RT-qPCR analysis of (A and C) SERCA1 and (B and D) IR alternative splicing upon PACT knockdown in DM1500 CTG and DM12000 CTG, respectively. The non-targeting siRNA treated sample in one trial was set as the “control” sample and all other samples–meaning all non-targeting siRNA and PACT siRNA treated sample from all other trials–were quantified relative to this “control” (n = 5; unpaired t-test; error bars represent SD).
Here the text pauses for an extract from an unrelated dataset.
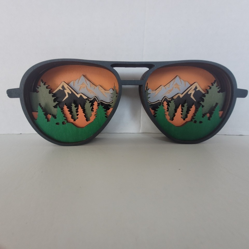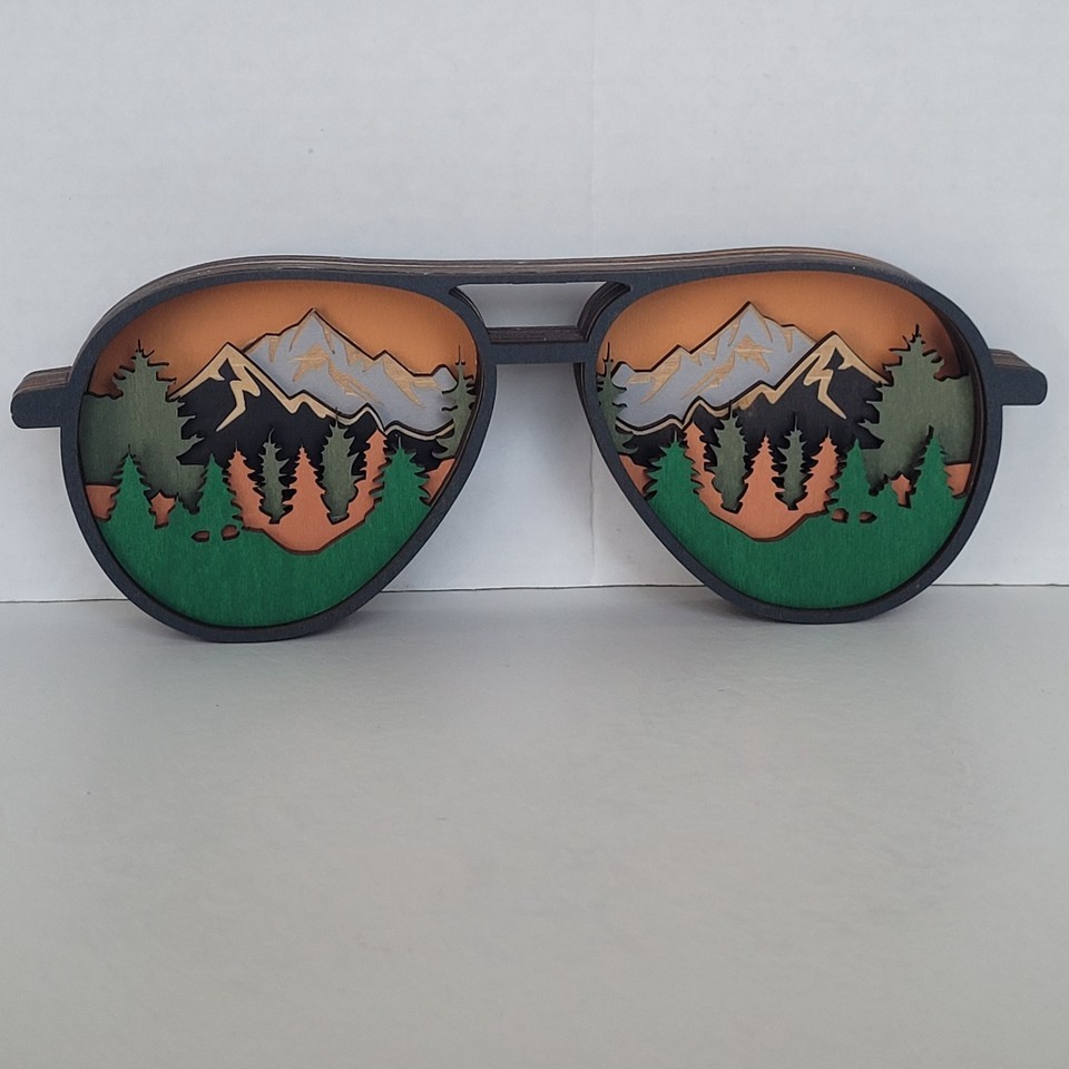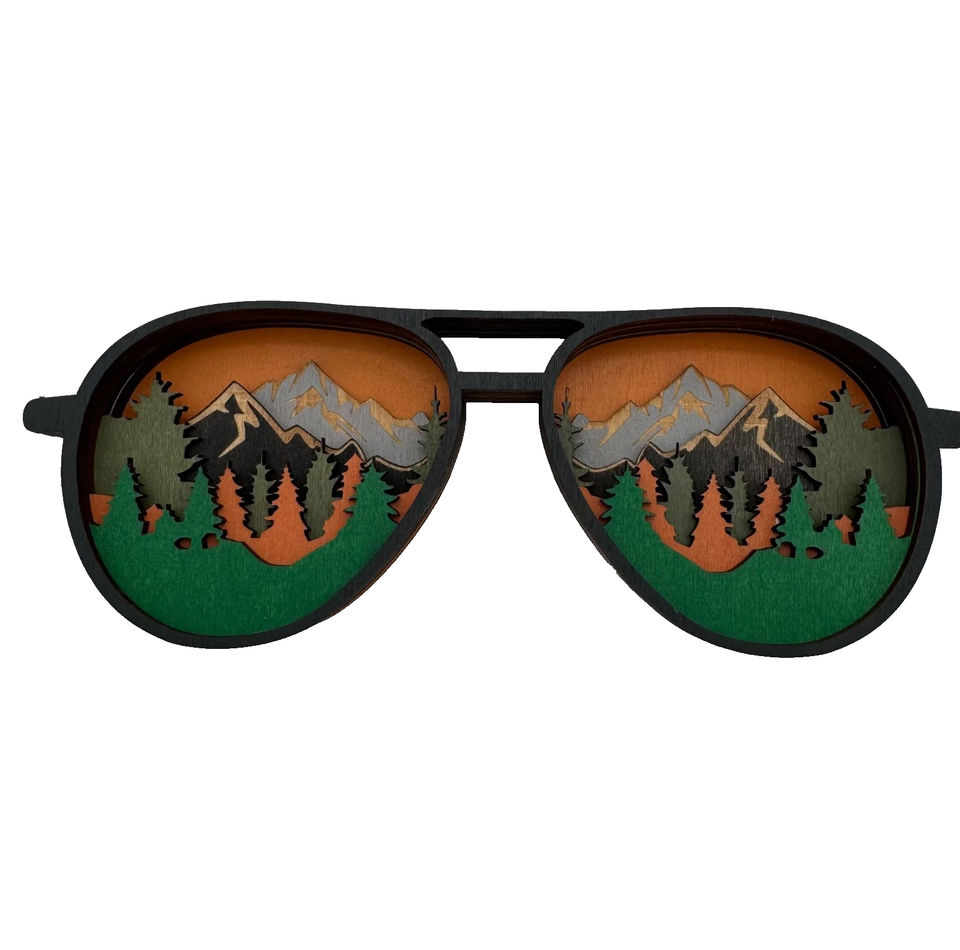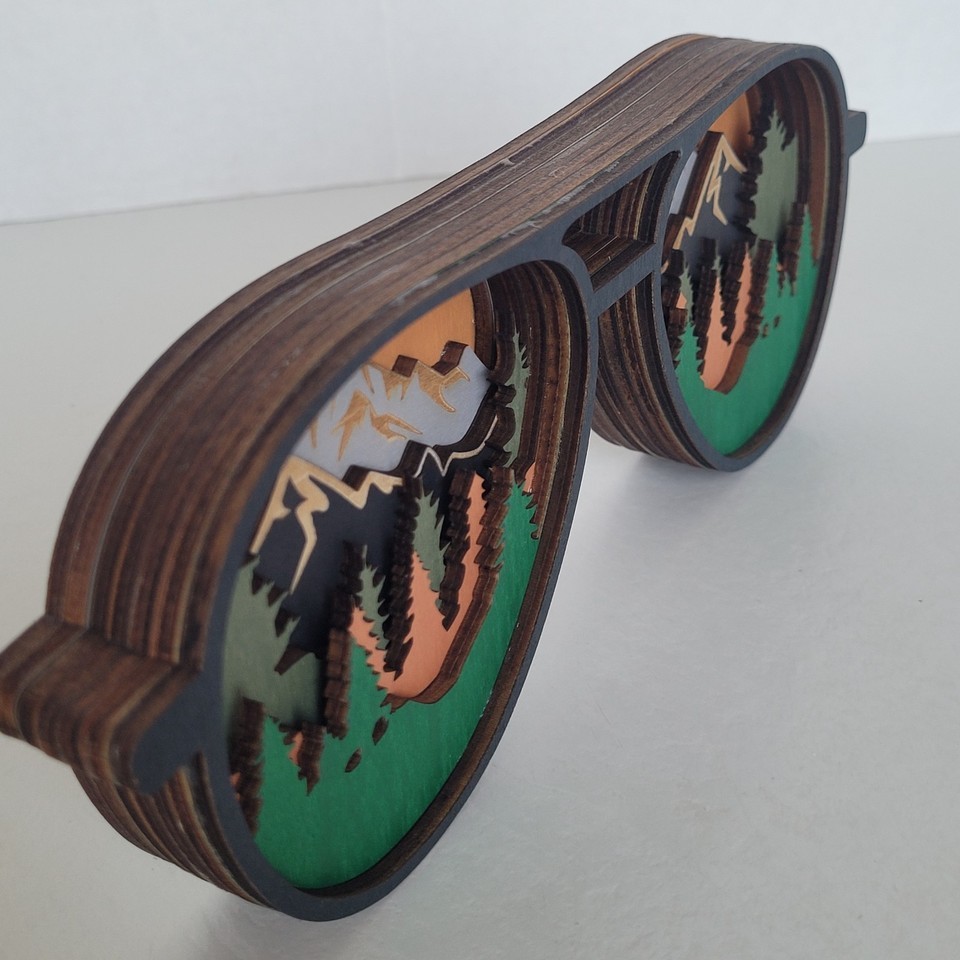 Aviator Sunglasses Handcrafted Layered Wood Wall Art Shelf 3D Scene Laser Cut

https://doi.org/10.1371/journal.pone.0256276.g004

PACT knockdown increases MBNL1 protein in non-DM1 fibroblasts

The effects of PACT knockdown on MBNL1 levels, and SERCA1 and IR splicing were also assessed in Control HF cells (Control HF 2 in the full panel of cells; S6 Fig). PACT knockdown was confirmed at both the protein (S6A Fig) and mRNA (S6C Fig) level. A moderate but statistically significant increase in MBNL1 protein was observed (S6A and S6B Fig); the smaller increase seen in DMPK mRNA did not reach statistical significance (S6D Fig). Therefore, it appears that some of the PACT-mediated increase in MBNL1 is independent of the expanded CTG repeat that is characteristic of DM1 genotype. However, similar to what was observed in the DM1 HF, there was no change in DMPK mRNA (S6E Fig) or relative SERCA1-A and IR-B transcript levels (S6F and S6G Fig, respectively).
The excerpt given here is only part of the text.